If you're waiting for a magical firmware fix, you have a long wait ahead.


----------



## veryoldschool (Dec 10, 2006)

poppo said:


> Or tell them to fix the bug. No need for a replacement when it's obviously not the hardware. Many have proven this time and time again, but some people refuse to accept the facts. :nono2:
> 
> Funny how some of these same people can have a problem that most others don't and they will blame the firmware. But if they are not having the problem that some are, then it's defective hardware.


I really doubt there will be a software "fix" for this and what have you not understood about the work *TBlazer07* did to* prove* this noise is related to the mounting of the drive in the box?


----------



## Rich (Feb 22, 2007)

hdtvfan0001 said:


> :beatdeadhorse::beatdeadhorse::beatdeadhorse:
> 
> If you're waiting for a magical firmware fix, you have a long wait ahead.


I can't believe how stubborn some people are. To suffer thru their problems day after day waiting for a miracle is ridiculous. If it is a hardware problem, how is software gonna fix it?

Rich


----------



## hdtvfan0001 (Jul 28, 2004)

rich584 said:


> I can't believe how stubborn some people are. To suffer thru their problems day after day waiting for a miracle is ridiculous.
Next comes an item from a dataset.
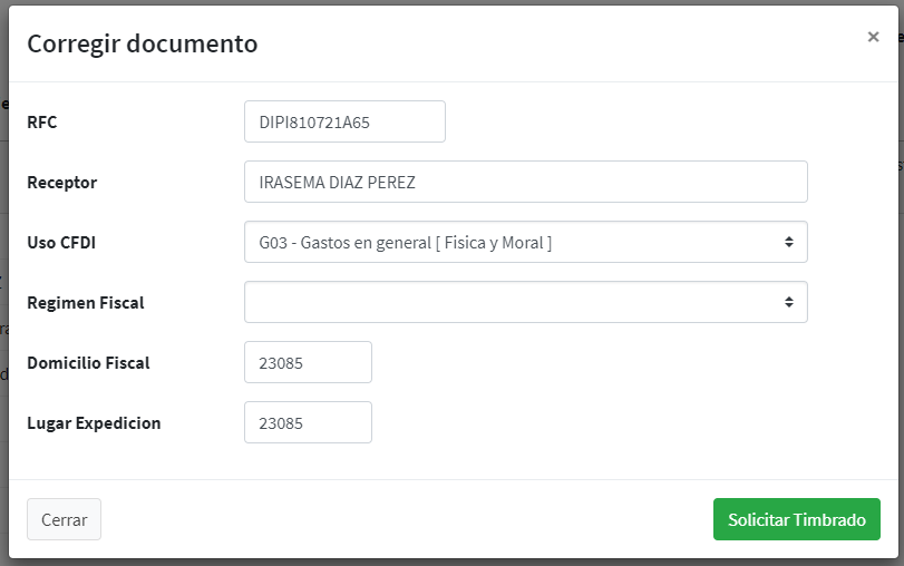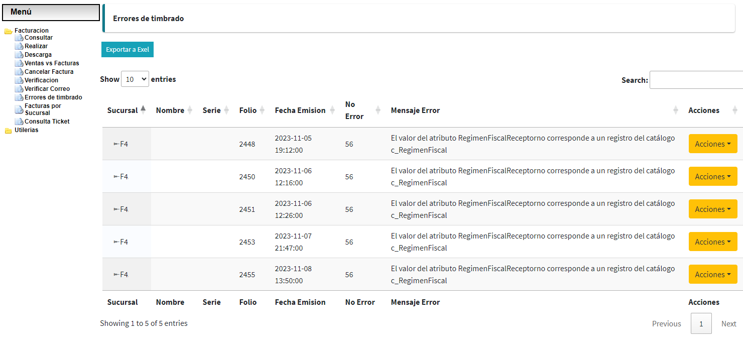 - Mensaje de error: Muestra la descripción del error de timbrado.

If it is a hardware problem, how is software gonna fix it?
> 
> Rich


Some of us realize that, and some don't.


----------



## mx6bfast (Nov 8, 2006)

Our replacement HR20 from a few weeks ago is starting to make noises. Not as loud as the one it replaced, but I can still here it from where I sleep.

I just replaced the hdd in another one, so we will see how that goes.


----------



## veryoldschool (Dec 10, 2006)

rich584 said:


> I can't believe how stubborn some people are.
> Rich


I think you may be being too kind to call them stubborn.


----------



## Rich (Feb 22, 2007)

veryoldschool said:


> I think you may be being too kind to call them stubborn.
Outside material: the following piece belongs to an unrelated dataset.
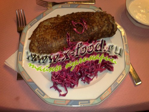 4. Фарш из отварного мяса соединить с поджаренным луком, солью и тонким слоем положить на поджаренные картофельные блины, завернуть и подавать к столу теплыми.

Don't want to start a war.

Rich


----------



## veryoldschool (Dec 10, 2006)

I have "twin" HR20-700s from the early days. One doesn't make any noise and the other has had slight noise from day one.
The software changes last year have caused this one to "sound off" a bit more. It isn't any louder, but simply seems to be doing it more.
If this one was in my bedroom, it might bug the hell out of me [I'm that kind of person].
It might be "a dumb solution" but I'd simply swap locations with the quiet one.
If the noisy one was so bad that it was a problem in my living room [where it is now], then I'd get it replaced.
I've got two other model DVRs that don't make any noise, so "for me" it's one out of four that has any noise.


----------



## TBlazer07 (Feb 5, 2009)

veryoldschool said:


> I really doubt there will be a software "fix" for this and what have you not understood about the work *TBlazer07* did to* prove* this noise is related to the mounting of the drive in the box?
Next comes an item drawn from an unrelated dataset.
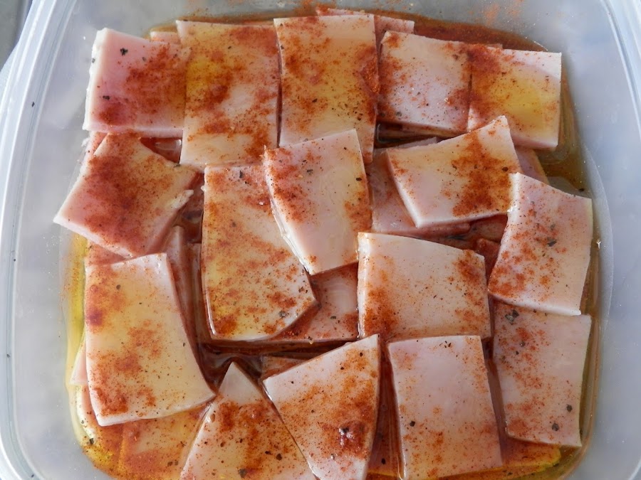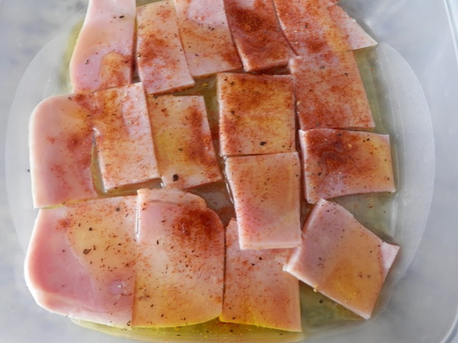En el táper que vayamos a poner en el frigo, ponemos una capa de jamón york y echamos un poco de pimienta negra molida y un poco de pimentón.

 In a roundabout way, yes, but if the software didn't cause all the extra thrashing (indexing or whatever) this "noise" wouldn't be an issue due to the drive mounting (because it never was a problem before the software change).


----------



## Huskerville (Oct 2, 2009)

Another HR20-700 problem sufferer here. Thrashing. Stuttering. Glitches during recording and playback. Yes, yes & yes. All since the Double Play update. It worked fine before that. It's to the point I've given up on any updates fixing the problem. It hasn't gotten any better w/ recent releases. I don't care so much about the noise but it affects the recording & viewing to the point it's about unwatchable. 95% of the problems are with OTA broadcasts. Something w/ mpeg2 I assume? I've run all the tests and they all say nothing is wrong w/ the hard drive. So questions...

1. If they send a replacement HR20-700, am I going to have the same problems? Anyone get a replacement 20-700 that works "normally" again? As in...work fine like 6 months ago?

2. Can I request a different model? And then a corresponding AM21? I need OTA capability and I don't want to get caught up in a round and round deal w/ the 20-700.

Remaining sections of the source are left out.